Chaque jour, pendant le sommet de Copenhague, Climate Justice Action (un large réseau réunissant une série de groupes climatiques, d’altermondialistes, de groupes d’action directe…), organisait l’une ou l’autre action. Celle prévue le 16 était un point culminant. Une important groupe de manifestants comptait pénétrer dans le centre des congrès en même temps que deux cents participants au sommet climatique en sortiraient, mécontents de la façon dont les pays riches traitent le Sud lors des négociations. Le but était que les deux groupes se rencontrent à mi-chemin afin de dénoncer ce qui se passait à l’intérieur du centre des congrès et de dégager des propositions et solutions alternatives.
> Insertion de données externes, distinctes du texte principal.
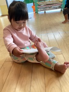 みんなも真似してペコっと頭を下げ合ったり、お友だちとお尻を当て合ったり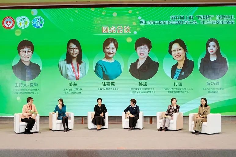 圆桌讨论环节,孙斌、陆嘉惠、付丽、姜萌、阮巧玲围绕“医树奖对女医师的激励”“科研与临床的平衡之道”“对年轻女医师培养的职业建议”等议题展开深入交流,结合个人经历动情地回顾往昔,展望未来。上海报业集团海上名医创始人、上海市女医师协会副秘书长崔颖主持。

Frank Dubois a suivi les négociations du sommet en tant qu’observateur. Il a participé à la sortie du groupe composé des délégations de la Bolivie, des peuplades indigènes, de représentants d’ONG, et de délégations de jeunes qui ont quitté à grand bruit les négociations pour rejoindre les activistes de l’extérieur en scandant le slogan « Réclamer le pouvoir ». « Notre intention était de montrer que l’opposition venait également de l’intérieur », raconte Dubois. « Qu’à l’intérieur du Bella Centre, où se tenaient les négociations, on pouvait également entendre des voix pour un accord climatique juste. Après cette sortie, nous avons voulu tenir un speech commun, un happening commun, mais ça n’a pas été possible. » En effet, la police a empêché manu militari la sortie du groupe. « La police danoise aurait pu redorer son image de marque, qui en avait pris un coup les jours précédents mais ne l’a pas fait. Au contraire, elle s’est ruée à coups de matraque sur des manifestants pacifiques. La liberté d’expression s’est proprement fait tabasser. »
De l’autre côté, cinq mille activistes essayaient d’entrer. Parmi ceux-ci, Matthias Lievens, de Climat et Justice sociale, également active au sein de Climate Justice Action. Il raconte : « Bien vite, notre groupe a été encerclé par la police. Les coudes au corps, épaule contre épaule, nous nous sommes dirigés lentement vers le centre des congrès. Nous voulions arriver le plus près possible du centre, sans recourir à la violence. Nous avons atteint la ligne des policiers. Ils ont d’abord reculé. Ils ne savaient pas quoi faire face à un tel bloc de plusieurs milliers de gens. La police était très nerveuse. Ils ont alors crié par mégaphone qu’au nom de la reine et de la législation danoise, la manifestation était interdite. Sur ce, les agents ont commencé à frapper avec leurs matraques et ont utilisé des sprays au poivre pour tenter de nous repousser. Ils n’y sont pas vraiment arrivés, le groupe restait bien soudé. Mais il a été vite clair que nous ne pourrions pas rejoindre l’autre groupe, même si nous sommes arrivés à quelques mètres les uns des autres. Puis, tant bien que mal, nous avons tenu une assemblée à l’aide d’un mégaphone, avec des orateurs, entre autres, de Via Campesina (un réseau mondial de paysans, NdlR), des Indiens, qui ont parlé du changement climatique dans leur pays… Ce fut un moment très fort, qui aurait pu l’être encore plus, si les choses s’étaient déroulées comme nous le voulions. L’action a été un succès. Surtout car la presse était présente en masse. L’ambiance qui régnait était euphorique. Nous avions fait une déclaration forte. »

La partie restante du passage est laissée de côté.